2.2. При подозрении на онкологическое заболевание отбор пациента на проведение компьютерной и магнитно-резонансной томографии осуществляется отборочной комиссией поликлинического отделения ГУ "Коми республиканский онкологический диспансер", (за исключением локализаций, установленных пунктом 3 раздела 1 приложения к приказу Министерства здравоохранения Республики Коми от 5 июля 2010 г. N 7/177 "О мерах по улучшению организации онкологической помощи гражданам, проживающим на территории Республики Коми", при которых применяется обычный порядок) по представлению врача-специалиста первичного онкологического кабинета учреждения, осуществляющего динамическое наблюдение за пациентом, после проведения в данном учреждении обследований по перечню, определенному методическими рекомендациями (направлены в учреждения здравоохранения ГУ "Коми республиканский онкологический диспансер" письмом от 4 июня 2010 г. N 842).


2.3. Отбор больных туберкулезом на проведение компьютерной и магнитно-резонансной томографии осуществляется отборочной комиссией ГБУЗ РК "Республиканский противотуберкулезный диспансер".


2.4. Отбор лиц, не достигших возраста 18 лет (кроме больных туберкулезом), на магнитно-резонансную томографию осуществляется в ГУ "Республиканская детская клиническая больница".

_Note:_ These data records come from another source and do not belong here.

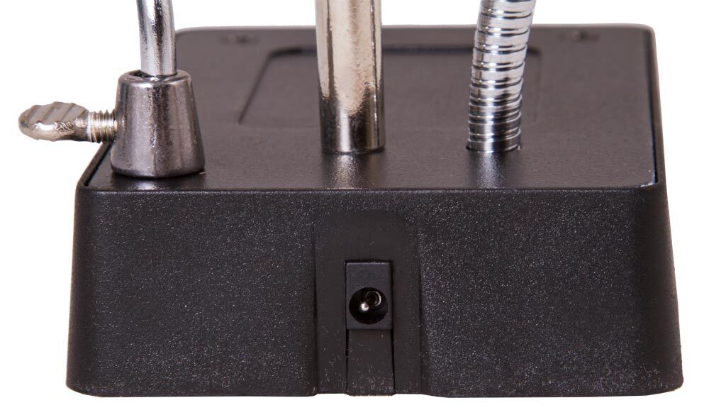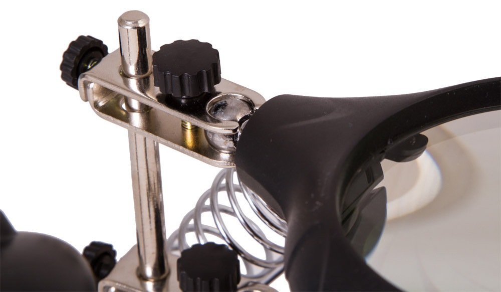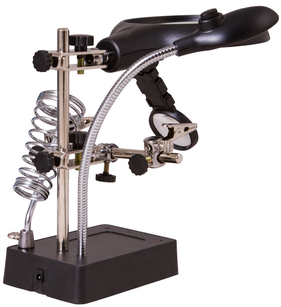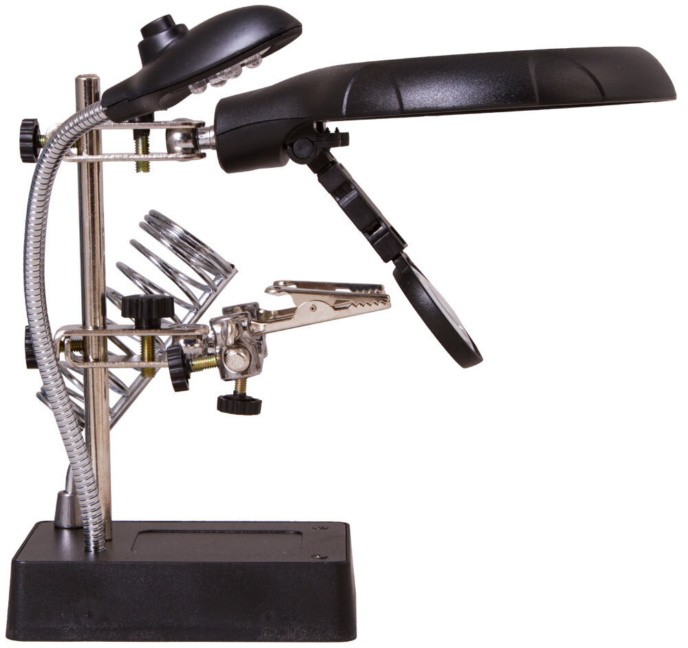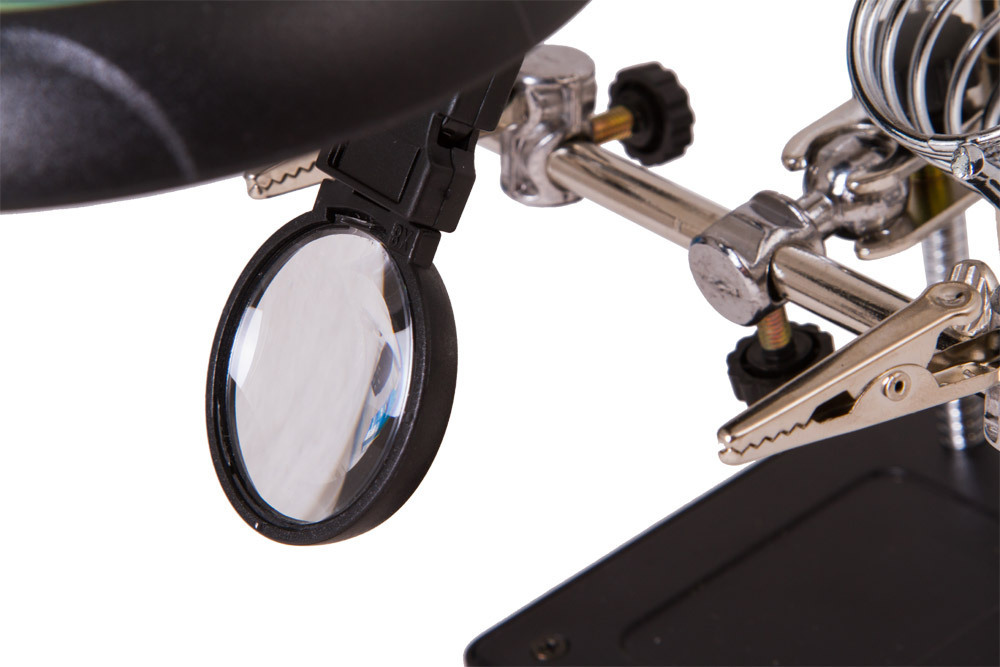 Под линзами вы найдете специальные держатели для небольших деталей – их называют «третья рука». Они предназначены для длительной работы с платами и масштабными моделями. Рядом расположен и держатель для паяльника. Все держатели съемные.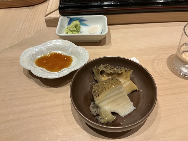 クエ:炙った熊本の30キロのクエにスッポン出汁の煮凝りをかけてあります。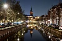 Sfeervolle avondopname van de gracht aan de Toussaintkade in Den Haag met uitzicht op de Grote Kerk in het centrum van Den Haag.
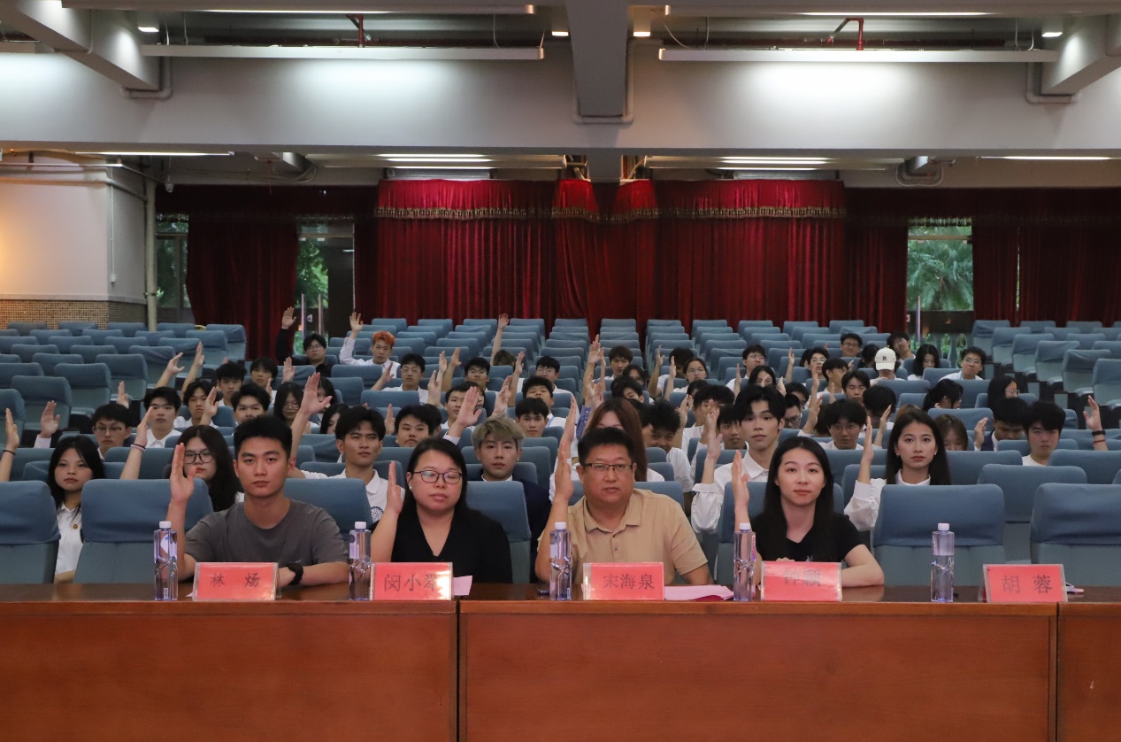隨后,宋海泉副院長發(fā)表了熱情洋溢的講話。他對過去一年團委學(xué)生會的工作給予了充分肯定,并對新一屆主席團成員提出了殷切期望。第二屆主席團代表王展鵬同學(xué)和第三屆主席團代表黃楚權(quán)同學(xué)也分別發(fā)表了感言,回顧了各自在學(xué)生會的工作經(jīng)歷,并表達了對未來工作的美好愿景。

2.5. В случаях, не предусмотренных пунктами 2.2, 2.3, 2.4, отбор пациентов на проведение КТ и МРТ осуществляется врачебной комиссией медицинской организации по месту прикрепления пациента, которая участвует в реализации территориальной программы государственных гарантий.


2.6. По результатам отбора на компьютерную томографию и магнитно-резонансную томографию врачебной комиссией медицинской организации оформляется заявка на проведение компьютерной томографии или заявка на проведение магнитно-резонансной томографии (приложение N 3 или приложение N 4 соответственно). Одновременно вносится соответствующая запись в "лист ожидания".


В заявке указываются: вид исследования (КТ или МРТ, с контрастированием или без контрастирования); область исследования (головной мозг, поясничный отдел позвоночника и т.п.) в соответствии с номенклатурой медицинских услуг; диагноз (с указанием шифра МКБ-10). Для КТ с контрастированием: дата проведения биохимического анализа крови (давность не более 1 месяца), уровень креатинина, скорость клубочковой фильтрации.


Отсканированная заявка с подписями врачебной комиссии и лечащего врача направляется в медицинскую организацию, в которой проводится компьютерная и магнитно-резонансная томография (приложение N 2). В заявке должны быть заполнены все строки. При отсутствии любой информации рассмотрение заявки не проводится.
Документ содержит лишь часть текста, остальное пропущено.